Segment Start: Given information
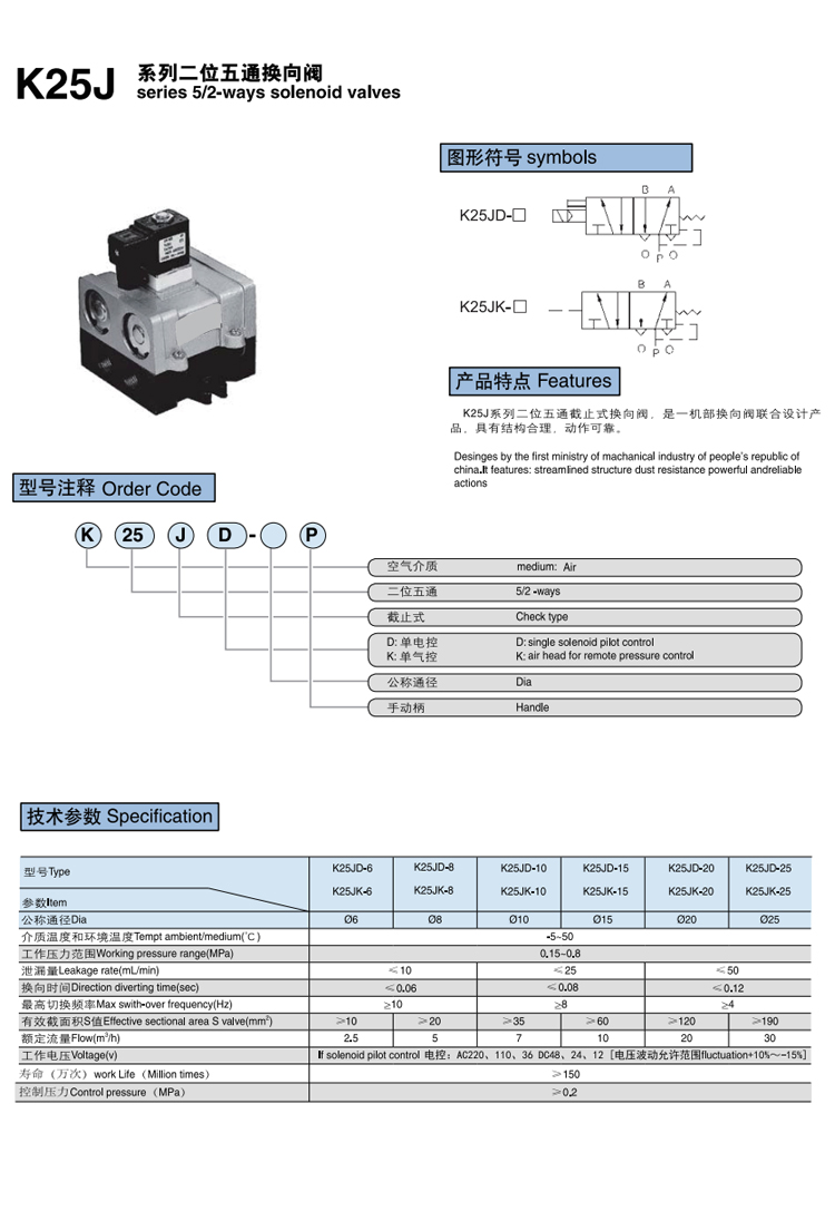K25J系列 二位五通截止式換向閥 產(chǎn)品特點(diǎn):K25J系列二位五通截止式換向閥,是一機(jī)部換向閥聯(lián)合設(shè)計(jì)產(chǎn)品,具有結(jié)構(gòu)合理,動(dòng)作可靠。
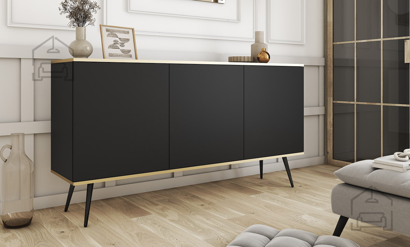Entdecken Sie die gelungene Verbindung von Stil und Alltagstauglichkeit mit der Kommode Oro K160. Dieses elegante schwarze Möbelstück aus hochwertigem MDF fügt sich harmonisch in Ihre Einrichtung ein und bietet gleichzeitig reichlich Stauraum. Mit ihrem schlichten, aber edlen Design ist die Oro K160 die perfekte Wahl für alle, die auf Funktion und Stil gleichermaßen Wert legen.
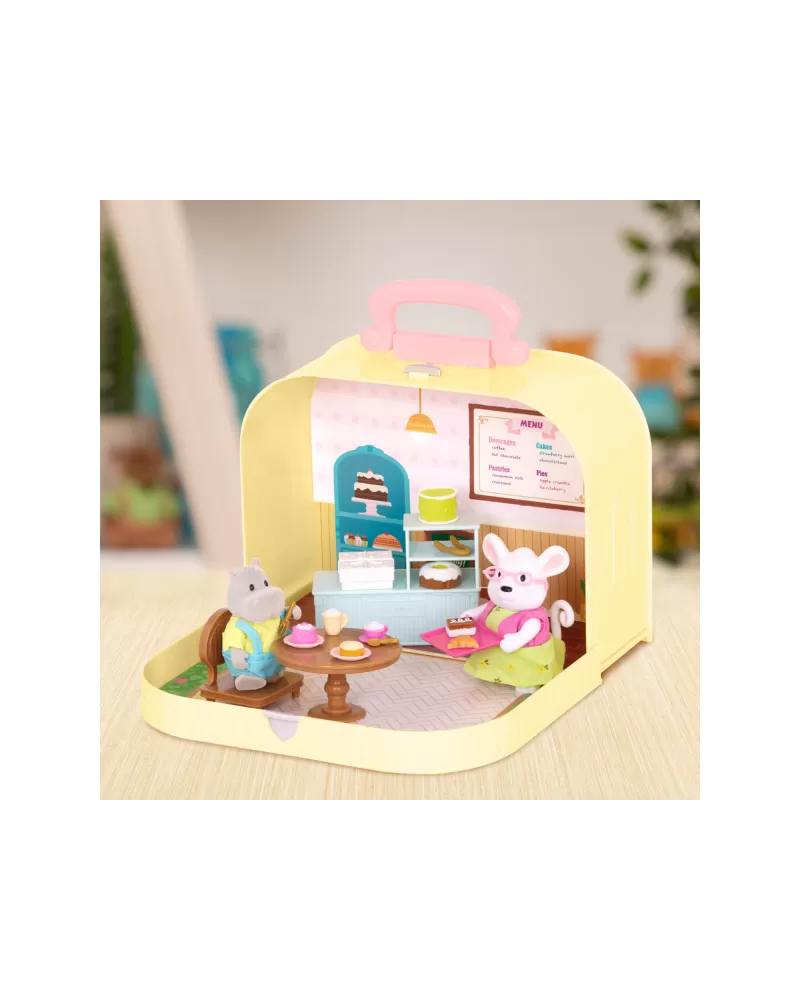 Cestovní sada hraček Li'l Woodzeeze v praktickém kufříku umožní vašemu dítěti hrát si se kdekoli na dovolené, výletech či během víkendu u prarodičů. Kufřík se po otevření promění v bohatě vybavenou cukrárnu s nábytkem a doplňky.
Segment End: Given information
# Required work
Lines before the one containing "Entdecken Sie die" are not wanted; write out that line and every later line through the end of the data above, exactly, without pictures.

# Task result
Entdecken Sie die gelungene Verbindung von Stil und Alltagstauglichkeit mit der Kommode Oro K160. Dieses elegante schwarze Möbelstück aus hochwertigem MDF fügt sich harmonisch in Ihre Einrichtung ein und bietet gleichzeitig reichlich Stauraum. Mit ihrem schlichten, aber edlen Design ist die Oro K160 die perfekte Wahl für alle, die auf Funktion und Stil gleichermaßen Wert legen.
 Cestovní sada hraček Li'l Woodzeeze v praktickém kufříku umožní vašemu dítěti hrát si se kdekoli na dovolené, výletech či během víkendu u prarodičů. Kufřík se po otevření promění v bohatě vybavenou cukrárnu s nábytkem a doplňky.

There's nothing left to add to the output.